Le Burkina Faso est à la croisée des chemins, foi de plusieurs Burkinabè. Le pays renoue ainsi avec sa marche balbutiante, avec à l’actif, des lots de frustrations sur toute la ligne. Du premier président, Maurice Yaméogo, à Roch Kaboré, on observe que chacun est ressorti de la direction du pays avec une dose de frustrations.

Maurice Yaméogo, père de l’indépendance, est tombé par l’insurrection populaire, le 3 janvier 1966. Les conditions de son départ semblent porter un coup à l’aspect rayonnant de sa gestion qui aurait, selon de nombreux Burkinabè contemporains, pu être mis en exergue.

Le successeur, Aboubakar Sangoulé Lamizana, va également connaître toutes les difficultés dans la gestion du pouvoir, marquées notamment par des blocages dus à des crises entre ses plus proches collaborateurs.
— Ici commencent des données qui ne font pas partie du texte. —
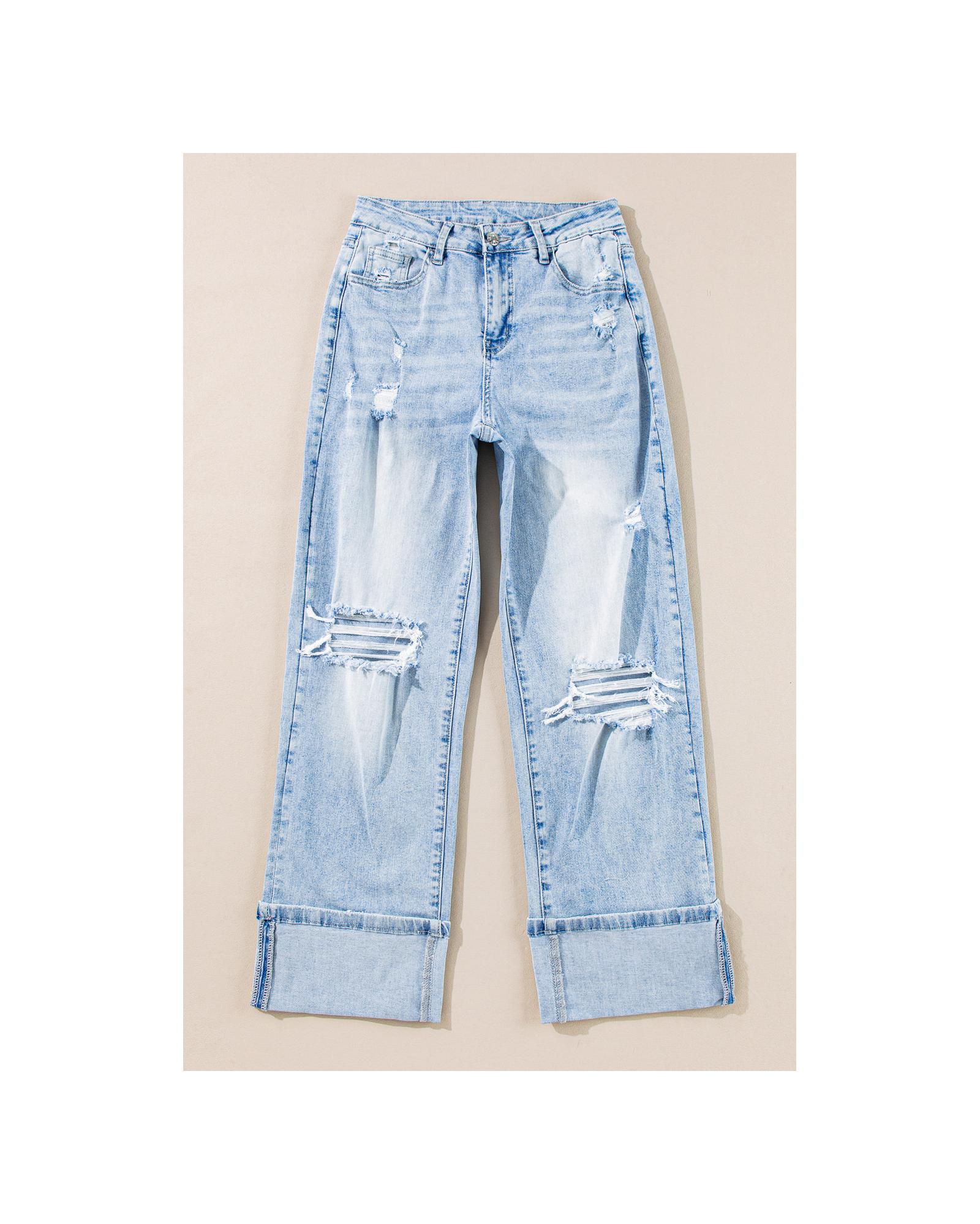 - Light wash distressed jeans

Finalement, le 25 novembre 1980, un coup d’État militaire est perpétré contre lui par le Comité militaire de redressement pour le progrès national (CMRPN).

Le colonel Saye Zerbo, ancien ministre des Affaires étrangères, devient le chef de l’État (tandis que le 3 janvier 1984, Aboubacar Sangoulé Lamizana est jugé par un Tribunal populaire de la Révolution ; on lui reproche sa gestion de 400 millions de francs CFA de Fonds spéciaux). Saye Zerbo sera aussi renversé le 7 novembre 1982 par Jean-Baptiste Ouédraogo, qui lui succède à la tête du Conseil de salut du peuple (CSP). Saye Zerbo est emprisonné et jugé après le coup d’État, en août 1983, du capitaine Thomas Sankara. Jean-Baptiste Ouédraogo, médecin militaire, ne durera au pouvoir que du 8 novembre 1982 au 4 août 1983. Il est renversé par le camp de son Premier ministre, Thomas Sankara, qui prend le pouvoir.
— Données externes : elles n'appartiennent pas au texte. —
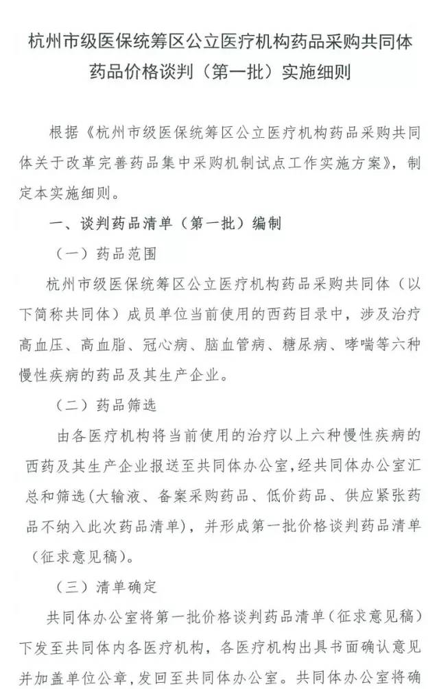 杭州采購共同體第一批價(jià)格談判的藥品清單包括501個(gè)品規(guī)數(shù),其中降壓藥135種,腦血管病藥103種,冠心病藥91種,降糖藥76種,哮喘藥56種,降脂藥40種。

Le cycle des coups de force se poursuit par ces évènements dramatiques du 15 octobre 1987 au cours desquels, le président Thomas Sankara perd la vie. Blaise Compaoré qui lui succède est, à son tour, forcé de signer sa démission sous la pression populaire, le 31 octobre 2014.

Michel Kafando, président de la transition, subit un coup d’État en septembre 2015 avant d’être rétabli. Bien qu’ayant pacifiquement passé le témoin à son successeur Roch Kaboré, certains de ses proches ne cachent pas des éléments de frustrations de l’ancien président liées aux attitudes du pouvoir Kaboré à son égard (notamment en matière de traitements liés à sa qualité et à ses droits). Il en est de même pour l’éphémère président du Faso, Isaac Yacouba Zida, (1er au 21 novembre 2014), ‘’contraint’’ par les successeurs à l’exil.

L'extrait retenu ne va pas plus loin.